Stream It Or Skip It

Stream It Or Skip It: ‘This Way Up’ on Hulu, in Which Aisling Bea is a Woman on the Other Side of a Nervous Breakdown

Where to Stream:

This Way Up

Powered by Reelgood

Hulu’s This Way Up is already drawing comparisons to Amazon Prime hits Fleabag and Catastrophe, which may work in its favor. Created by and starring Irish actress/comedian Aisling Bea, it’s a six-episode character study focused on a contemporary woman whose biting wit acts as a smokescreen for her personal issues — and who depends on her sister for emotional support. It’s funny, melancholy and a bit bitter, but does it stand on its own?

THIS WAY UP: STREAM IT OR SKIP IT?

Opening Shot: An exterior shot of a sprawling rehab hospital.

The Gist: It’s Aine’s (Bea) last day at the mental-health facility. She and her older sister Shona (Sharon Horgan of Catastrophe) give their feedback to a nurse: Didn’t the website show pictures of a jacuzzi? Why wasn’t there a jacuzzi? They expected a jacuzzi. A jacuzzi might be helpful for someone like Aine, who had a nervous breakdown — if that’s what you want to call it.

Four months later. Aine employs Keeping Up with the Kardashians as a tool to teach English to a classroom full of immigrants. She’s sort of lightly disinvited to a dinner party via a lame excuse that she maybe should take personally? A few fruitless phone calls later, she faces the prospect of being alone on a Friday night. She impulsively steaks a drink from a shop; she’s stonewalled by her therapist’s receptionist.

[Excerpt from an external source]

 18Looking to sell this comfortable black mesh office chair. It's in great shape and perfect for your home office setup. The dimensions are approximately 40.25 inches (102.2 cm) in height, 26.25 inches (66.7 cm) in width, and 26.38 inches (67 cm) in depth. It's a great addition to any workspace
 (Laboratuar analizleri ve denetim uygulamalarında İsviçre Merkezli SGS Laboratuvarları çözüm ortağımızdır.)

She drops in on Shona, who’s preparing to go to a work-related party full of mostly white men — so obviously, she’s in finance. Her boyfriend is Vish (Aasif Mandvi), who, being brown-skinned, doesn’t fit in either. But Freddie (Chris Geere), Aine’s ex, fits right in. Anyway: Shona borrows the skirt right off her sister’s butt and heads to the Caucasian Male Finance Soiree, leaving Aina alone with no pants on. She takes a knee. Is she just crying, or having an anxiety attack? Hard to tell.

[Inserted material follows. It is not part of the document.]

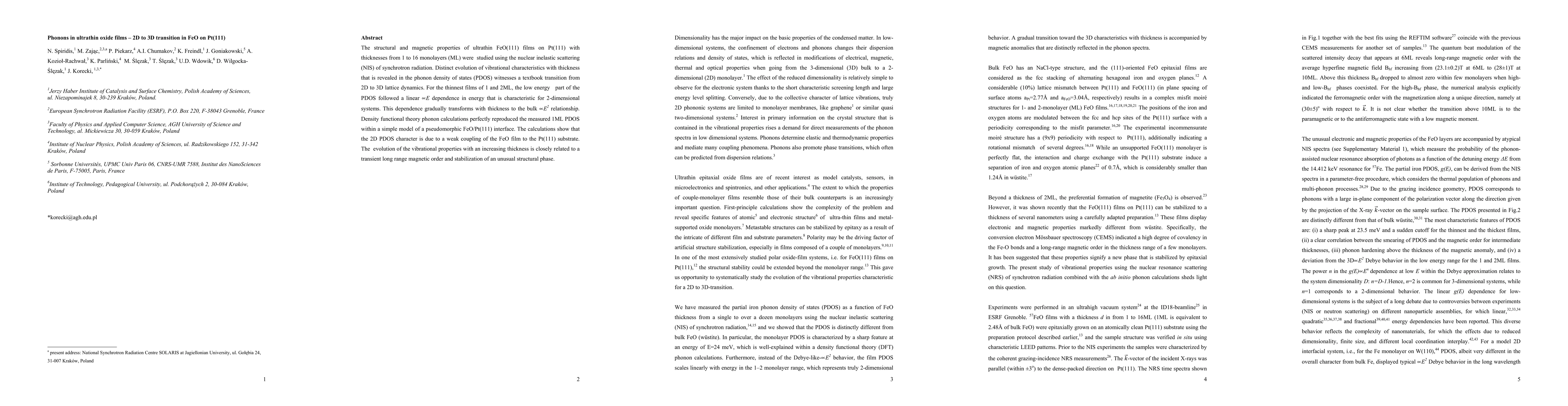 This study investigates the phonon dynamics in ultrathin FeO films on Pt(111) using nuclear inelastic scattering, revealing a transition from 2D to 3D phonon behavior with increasing film thickness. The thinnest films exhibit 2D phonon characteristics, which evolve to 3D behavior as the film thickness increases, correlating with changes in magnetic order and structural phases.

Aine heads home. She calls Tom (Ricky Grover), an amiable buddy from rehab, who comes over. She jumps his bones, and even though they agree she has “really cracking boobs,” he balks. It’s not the right thing to do. But he can’t go home. The trains have stopped running. And we soon learn that he snores a lot. So Aine does what Shona explicitly asked her not to do, go for a walk late at night. Shona tracks her sister’s whereabouts on her phone, which both agree is probably a good thing. Despite connecting with a new friend, Charlotte (Indira Varma), Shona leaves the party to find her sister. Nothing happens to Aine — at least not physically. Psychologically, though, she’s obviously hurting.

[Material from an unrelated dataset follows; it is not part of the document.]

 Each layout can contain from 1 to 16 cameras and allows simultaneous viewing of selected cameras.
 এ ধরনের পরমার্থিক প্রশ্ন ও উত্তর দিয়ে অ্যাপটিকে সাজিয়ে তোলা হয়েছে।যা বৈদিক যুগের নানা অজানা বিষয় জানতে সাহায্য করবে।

Our Take: Whether This Way Up is more of the same in the wake of Fleabag‘s considerable acclaim seems moot. I’ll pause here to let anyone who thinks there are too many strong, complex female protagonists on TV air their grievances. Actually, I won’t — this is the internet, and it’s full of people who are blissfully, belligerently unaware that they’re wrong.

The debut episode teases us with a what-happened-to-Aine plot, but the series is clearly about what happens to Aine next, in all the small moments that don’t move the earth, but comprise the bulk of our lives. Not to be glibly referential, but she’s human and needs to be loved, just like anybody else does. And even after spending a scant 27 minutes with her, we may love her already, because Bea’s performance is equal parts droll and vulnerable. There’s truth in the way she renders the character, who has a distracting one-liner for every situation, no matter how painful it may be.

The other cracking pair is Bea and Horgan, who anchor the show with their tight-sisters, two-peas-in-a-pod, share-a-wardrobe-and-maybe-also-a-brain dynamic. There’s love, trust and a lived-in quality to the way their characters interact. Their performances are smart, playful, nimble and rooted in empathy. We watch, greatly anticipating their next scene together.

Sex and Skin: The cracking boobs stay in their bra.

Parting Shot: A wide shot of Shona and Aine parked on a stoop late at night, giggling at pictures of animals that look like celebrities.

Sleeper Star: Although we only get a brief glance at Geere (of You’re the Worst fame) in this episode, I’d wager that Aine’s ex will steal his share of upcoming scenes.

Most Pilot-y Line: “My problem wasn’t that I was drinking, Tom. It was that I was too much of a f—in’ legend,” Aine quips, being so funny, she hopes everyone forgets that they were talking about something serious.

Our Call: STREAM IT. Yes, it stands on its own. Context is meaningless, considering how tightly written and exceptionally funny This Way Up is.